金具も欠損部や劣化が激しく、新たに新調と金鍍金を施し蘇らせます。
完成です(^^)
357年という長い年月を経て造立当初の御姿に蘇りました。
掌どうしを合わせた合掌。
これまで何百体と仏像の修復に携わってきましたが、この仕様は初めてでした。
漆の塗り厚も考えてぎりぎりまで調整が続きましたが、しっかりと復元することができました(^^)
過日のご納品時の様子です。
お預かりして約1年、神々しい御姿になって無事お寺に戻られました。
御本堂も現在修復中で仏様も新しくなった空間に少し戸惑われたかもしれません(^^)
慎重に設置します。
設置完了です〇
なんと御本堂の天井は総漆塗りの蠟色仕上げ。
磨き上げた天井に金色に輝くご本尊が浮かび上がります。
最後に御住職の三木大雲上人と。
御住職はこれまでご経験を怪談説法として発信され、仏教の布教に努められています。
私も以前から存じていて、発信されている説法にとても感銘を受けていました。
そんな三木御住職との出会いは不思議なものでした。
御本堂の修復と同時に諸仏の修復を検討していたところ、突然「宮本」という名前が思い浮かばれたそうで、そこからご連絡いただき修復をさせていただくことになったのです。

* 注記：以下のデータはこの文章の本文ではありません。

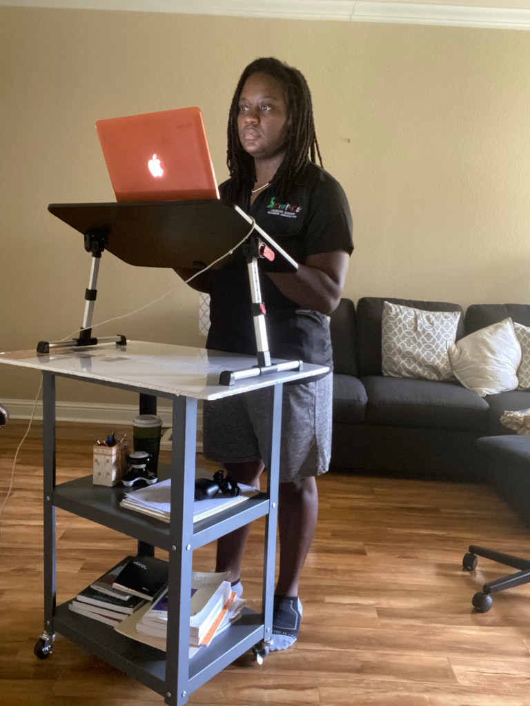 It’s a whole entire different perspective. You can see the comfort of my existence working from home. You can see the mess underneath my computer as I try to keep all of the things that I need close by for quick references. But it’s all in how I see things. I look at the headshot of me and see the put together face of a faculty member who is just trying to deliver course content to her students. In contrast to the hard working faculty member who is trying to multitask from a makeshift mobile cart while standing because she’s been working from a seat position for too long and it’s starting to impact her alignment. I can choose to dwell on the lack of a second office, the lack of a second desk, the lack of one of those nice, expensive mobile standing desks, or the need to have a massager, hair scrunchie, and headphones right beside class notes and textbooks. But I choose to live in the headshot perspective where everything looks IS put together and in order. Where there is joy in my work and no pain in my back or legs. Where I am 100% prepared for what this day of virtual work has to throw at me.

お電話いただいた時はびっくりしましたが、歴史ある蓮久寺の尊像修復というご縁をいただき大変ありがたい想いでおります。
今回修復させていただいた三宝尊は技巧に優れた特別なご尊像でしたが現在修復中のその他の諸仏も素晴らしいものです。
また気持ちを新たに引き続き修復に取り組んでいきたいと思います。